On-chip variation (OCV)
On-chip variation (OCV) is a recognition of the intrinsic variability of semiconductor processes and their impact on factors such as logic timing. Historically, as well as operating temperature, timing variation was primarily a consequence of subtle shifts in manufacturing conditions that would lead to ICs from one batch of wafers being ‘slow’ or ‘fast’ relative to nominal estimates. To account for this, design would run two sets of timing analyses: one for the slow corner and one for the fast corner. If the design passed these two tests, the chip could be considered to have met its timing constraints.
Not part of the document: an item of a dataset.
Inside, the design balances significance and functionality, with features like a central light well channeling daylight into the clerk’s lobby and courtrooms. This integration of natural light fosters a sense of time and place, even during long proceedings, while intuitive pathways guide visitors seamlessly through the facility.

In recent years, the number of contributors to timing variability has increased and led to significant variations not just between wafers but across individual wafers and increasingly intra-die. This, in turn, has led to significant changes in the way that static-timing analysis is performed to account for effects.
Variation sources
Causes of timing variations can include small variations in the way that features defined on a mask print on the surface of the chip because of the effect of surrounding features, variations in processes such as doping levels or etching that may remove more or less of a critical feature such as a gate stack or polysilicon interconnect. Even activity has an impact through factors such as IR drop, which became more prominent in design as voltages approached, and passed, the 1V level.
The result is that all the cells of the entire chip no longer can be modelled using the fast or slow process corner alone – some cells will run fast, others slower than expected, depending on the changes in process condition and the impact of design-dependent effects. Failure to account for these issues can lead to setup and hold violations in designs that, nominally at least, error-free. As a result, the design’s timing needs to be analyzed in a way that takes into account the potential for timing to change within a given process or temperature corner. The addition of multiple operating modes has, at the same time, extended the number of corners that need to be simulated and given rise to multi-corner multi-mode (MCMM or MMMC) analysis.
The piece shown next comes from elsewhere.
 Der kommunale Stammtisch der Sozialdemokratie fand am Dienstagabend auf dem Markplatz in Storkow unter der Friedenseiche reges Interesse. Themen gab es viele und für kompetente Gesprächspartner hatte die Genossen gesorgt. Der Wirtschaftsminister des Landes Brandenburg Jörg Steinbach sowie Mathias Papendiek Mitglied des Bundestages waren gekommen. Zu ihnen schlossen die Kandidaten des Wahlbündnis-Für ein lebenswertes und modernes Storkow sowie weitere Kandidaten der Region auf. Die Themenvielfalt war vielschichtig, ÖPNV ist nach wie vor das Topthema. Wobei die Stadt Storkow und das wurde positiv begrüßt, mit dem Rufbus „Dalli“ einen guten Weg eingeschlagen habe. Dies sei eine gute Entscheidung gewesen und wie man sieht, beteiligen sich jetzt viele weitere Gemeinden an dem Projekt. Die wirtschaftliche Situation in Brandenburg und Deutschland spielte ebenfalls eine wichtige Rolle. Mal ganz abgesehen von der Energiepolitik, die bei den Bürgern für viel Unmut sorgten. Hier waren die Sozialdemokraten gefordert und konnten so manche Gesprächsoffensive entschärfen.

Initially, timing analysis accounting for OCV was handled by telling the static timing analysis (STA) tool to apply a global margin across the entire chip using a percentage or delay estimate that the designer, or the foundry, considered safe. This approach leads to a more pessimistic estimate of timing margin than present in reality. The shifts in threshold voltage and other parameters that lead to differences in performance may be correlated within a group of transistors – this is likely to be true for a group of transistors in a small area – but not over a wider area. A global margin does not take account of this correlation, leading some chipmakers to explore the option of statistical timing analysis.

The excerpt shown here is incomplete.